Additional information relating to attempts to address the problems described above may be found in U.S. Pat. Nos. 5,470,354; 5,656,785; 7,104,996 and U.S. Patent Application Publication Nos. 2005/0209605; 2005/0240196; 2005/0267485; 2006/0241569; 2007/0219559: 2007/0232959; and PCT Publication Nos. WO 2005/089681; WO 2005/037121; WO 2006/047005, for example.
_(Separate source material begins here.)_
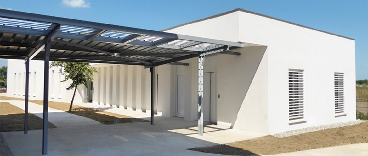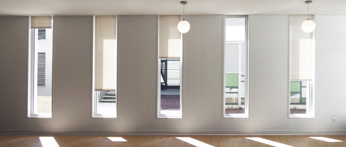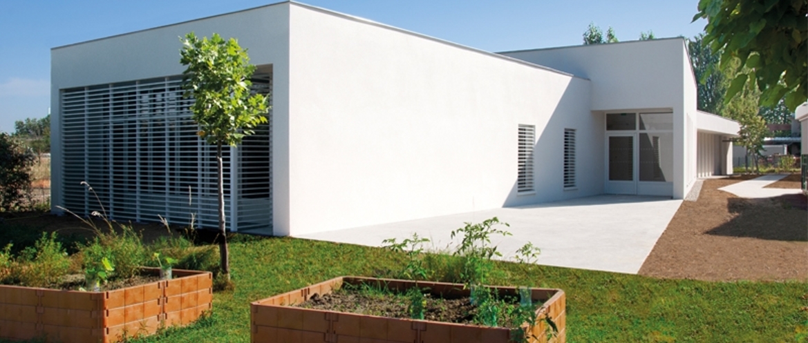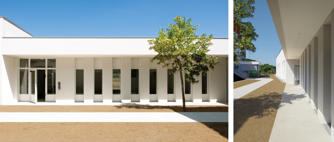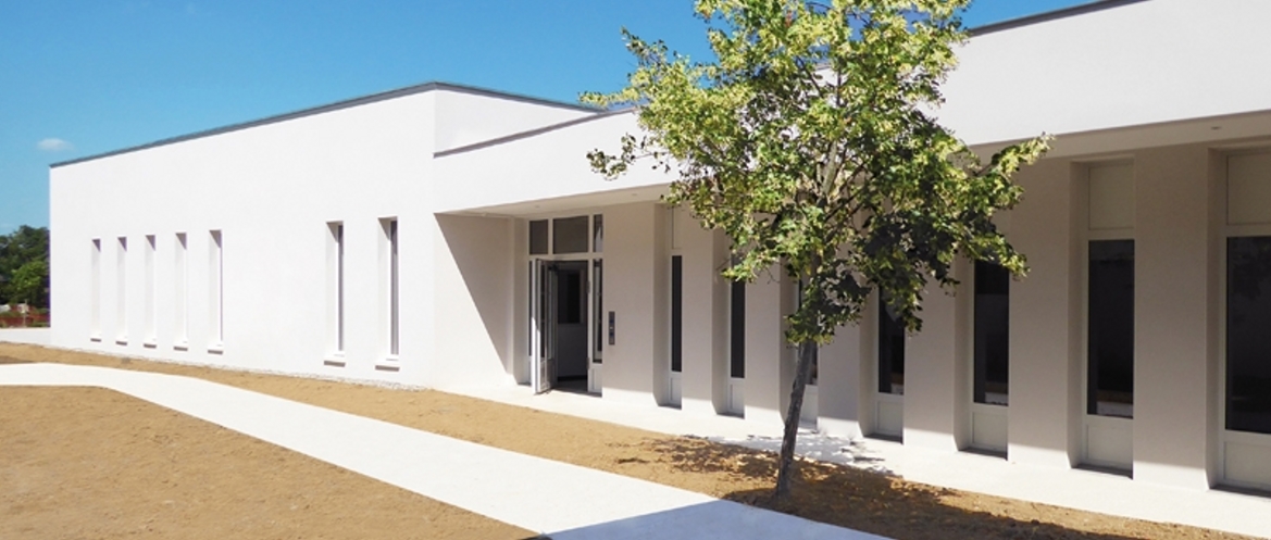L’hôpital de jour du Domaine de la Cadène s’inscrit dans une démarche d’ergothérapie centrée sur l’individu. Ainsi, maîtrise d’ouvrage et maître d’oeuvre ont été amenés à collaborer dès la programmation. Le bâtiment a été conçu dans l’optique de créer un environnement familier et apaisant afin de permettre à des personnes âgées présentant des incapacités de se réadapter à leur propre environnement. La volumétrie simple, en enduit blanc, s’étend en longueur en suivant la morphologie de la parcelle et s’ouvre sur le jardin thérapeutique à l’ouest. Un volume central, plus haut symbolisant la salle d’accueil intérieure et dissimulant les équipements techniques en toiture, vient rompre avec la linéarité de l’ensemble. Les façades sont rythmées par de larges percements aux caractéristiques différentes suivant les orientations, les vis-à-vis et les ambiances intérieures souhaitées. Des ventelles aluminium blanches protègent du soleil et des vues extérieures. Les pièces de vie intérieures, salle d’accueil, ateliers et bureaux sont caractérisées par leur aspect domestique : sol souple imitation parquet, stores, luminaires. (Conception au sein de am architectes).

However, each one of these references suffers from one or more of the above-identified disadvantages.
For at least the above reasons, a need exists for improved devices, systems and methods for enhancing knee replacement surgery and specifically for dynamically balancing ligaments during knee replacement to improve range of motion, stability, and patellar tracking of the prosthetic knee joint. Additionally, such devices would allow for secure fixation to the femur via the intramedullary canal, without being biased by the natural bow of the femoral canal, and without the intramedullary canal dictating the balance point of and between the flexion axis and the extension axis of the femur. Ideally, such devices and methods would allow a surgeon to achieve a desired ligament tension balance before committing to and making final bone cuts to the femur. Such devices would ideally be simple to use in conjunction with existing knee replacement procedures and equipment such as prosthesis templates, measurement guides, cutting guides, and saw blades or burs. At least some of these objectives will be met by the present invention.